The second studio album from Icelandic post-rockers Sigur Ros, though the only one to make any impact at all on these shores, Agaetis Byrjun is over seventy minutes long, contains an intro and outro which are so minimalist as to barely exist, and has at least two other songs which are suffocatingly boring. Doesn’t sound like a classic so far. But within this album is enough remarkable and beautiful music to more than compensate for this, and there are a couple of songs so haunting and beautiful that they nearly moved me to the point of tears which are worth paying out for the album for on their own.
While they sound a little like American bands like Mercury Rev and The Flaming Lips and at times like the quieter aspects of Radiohead’s recent work (think Pyramid Song and How to Disappear Completely), two things make Sigur Ros stand out. First is the fact that they sing in Icelandic and/or Hopelandish (gibberish to me and Icelandic speakers) which, together with the fact that Jónsi Birgisson‘s voice is even more high-pitched and eerie than those of similar singers, actually adds to the ethereal beauty of their music.
The second is the sheer scale of the music and experimentation on offer. Electric guitars are played with cello bows; sonar pings join feedback build-ups and a huge array of instruments are called in.
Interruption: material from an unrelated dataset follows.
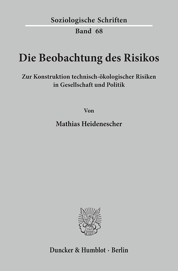 Die moderne Gesellschaft wird zunehmend unter dem Aspekt ihrer Risikopotentiale (z. B. atomare Energiegewinnung, Gentechnologie, groß-formatige Umweltverschmutzungen, BSE und AIDS) beobachtet, dies nicht zuletzt auch aufgrund der massenmedialen Darstellungen. ...

The incredible Vidrar Vel Til Lofterasa begins with a piano emerging ever-so-gently from the ambient background murmur and builds up over the course of ten minutes to a jaw-droppingly huge orchestral climax, while Olsen Olsen’s wonderful repeating theme is continued by a lone flute after the song seems to have finished, and Staralfur is almost a piece of classical music until it all fades away and just a single acoustic guitar is played as backing to the chilling vocals. It’s not all quiet and atmospheric either, as shown by Ny Batteri, whose horns, insistent cymbal taps and slightly shouty vocals beat any of Radiohead’s recent jazzy songs.
At its best this album is exhilarating and beautiful and will send shivers down your spine every time. At its worst, well, it’s good for falling asleep to.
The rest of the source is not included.